The phenotypic characteristics of the CAR T-cell products were also determined upon repeated antigen stimulation during the co-culture assay. The assessment of phenotypes was repetitively performed for the entire co-culture (Fig. 5C-F). The CAR T-cells cultured in FF and RCF exhibited the highest percentage of undifferentiated cells; i.e., naïve and central memory cells. The CAR T-cells cultured in RCF had the highest percentage of effector memory cells, whereas the CAR T-cells cultured in CG and FF had the highest cell count of EMRA CAR T-cells.

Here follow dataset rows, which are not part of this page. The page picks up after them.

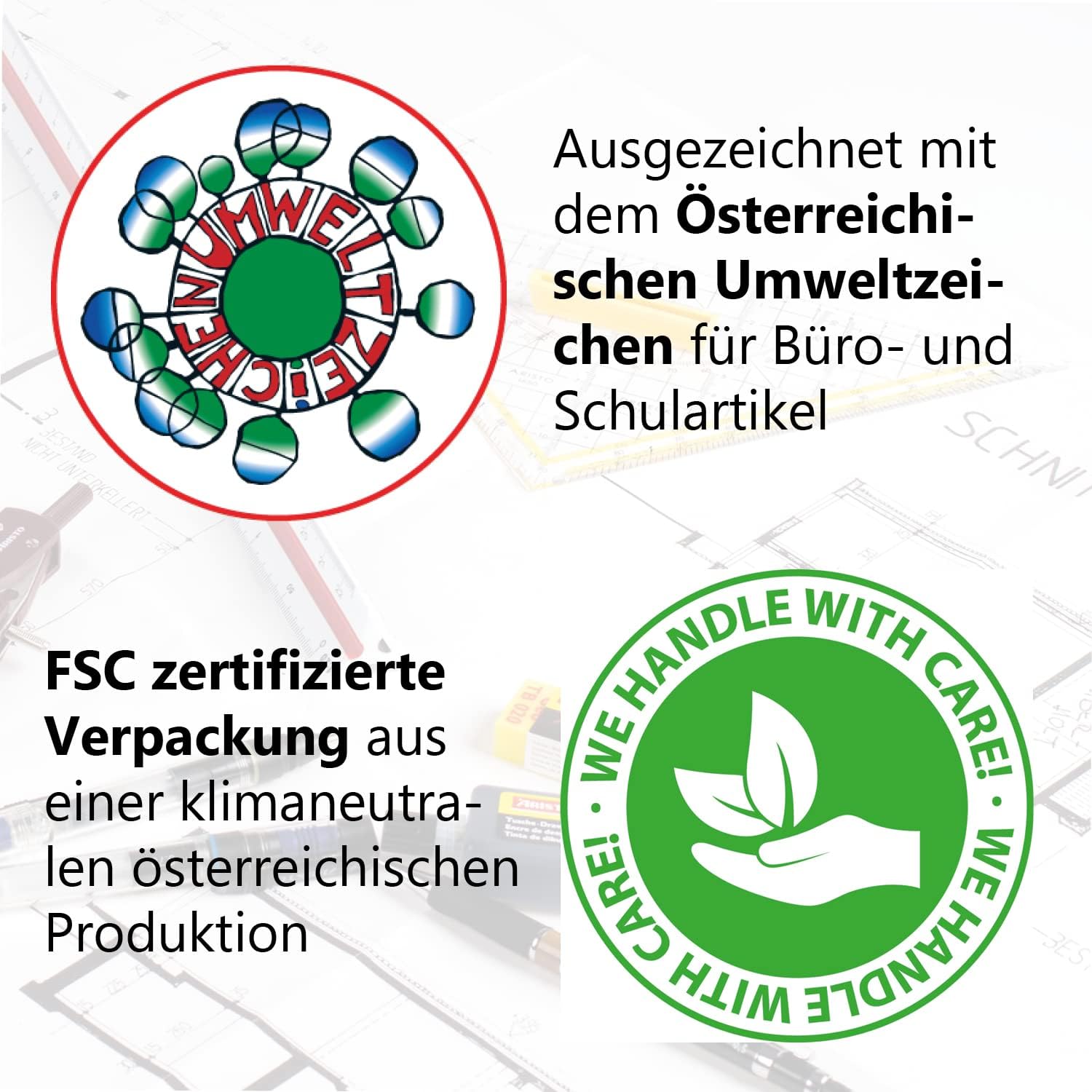 - Das Winkeldreieck entspricht der ÖNORM A2134 und ÖNORM A2131. Die FSC-zertifizierte Kartonverpackung ist klimaneutral. Das Produkt wurde mit dem österreichischen Umweltzeichen ausgezeichnet
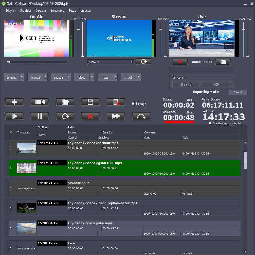 GoPlayout es un playout de video low cost, profesional, automatizado, capaz de reproducir prácticamente cualquier archivo de video. También reproduce streams, imágenes estáticas y archivos de audio. Graba la señal en vivo en alta calidad en formato MP4.
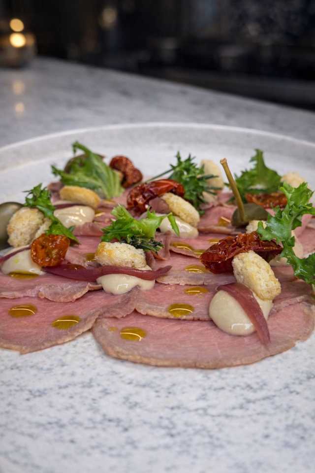 - Vitello tonnato, pane tostato, capperi e cipolla in agrodolce
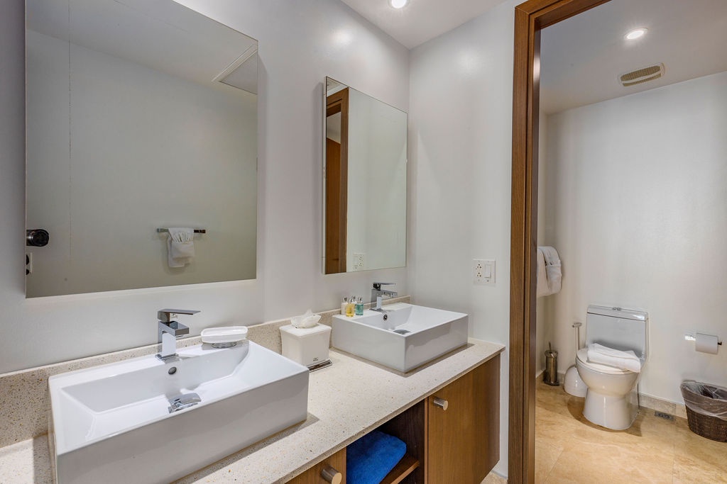 You will enjoy a well-equipped kitchen, along with a dining and living area with a sofa sleeper and a balcony where you can stare at the water and enjoy a perfect view of the sunset all year round. The spacious primary bedroom has a large king bed, and wall-to-wall views of the Caribbean, pools, and gardens. The guest bedroom is comfortably furnished with two double beds, ample storage space and closets. Each bedroom has a private bathroom with large showers and rain shower heads that will feel wonderful after enjoying a day on the beach. The condo is equipped with central AC, washer/dryer, large smart TVs in all rooms, room safe, iron / ironing board, hairdryers, beach towels, beach cooler, and free WIFI throughout the property (1010 sqft for a maximum of 6 guests).

The expression of surface markers associated with T-cell exhaustion, such as lymphocyte-activation gene 3 (LAG-3), programmed cell death protein 1 (PD-1) and T-cell immunoglobulin and mucin-domain containing-3 (TIM-3) were evaluated using flow cytometry on day 12 of CAR T-cell production, which corresponds to day 0 of co-culture and every 5 days after each antigen stimulation thereafter (Fig. 6). The baseline values prior to the start of the co-culture were similar for all different CAR T-cell products. In general, a trend towards an increase in the percentage of LAG-3-, PD-1- and TIM-3-expressing T-cells was observed for all CAR T-cell products with repetitive antigen stimulation. However, the CAR T-cells generated in RCF exhibited a significantly lower expression of LAG-3 and TIM-3 at day 30 than the CAR T-cells cultured in FF, TB and CG (LAG-3: Dunnett's test, P=0.0205, P=0.0306 and not significant, respectively; TIM-3: Dunnett's test, P=0.0034, P=0.0159 and P=0.0294, respectively). By contrast, we didn't find any difference in the level of PD-1 expression between the different groups.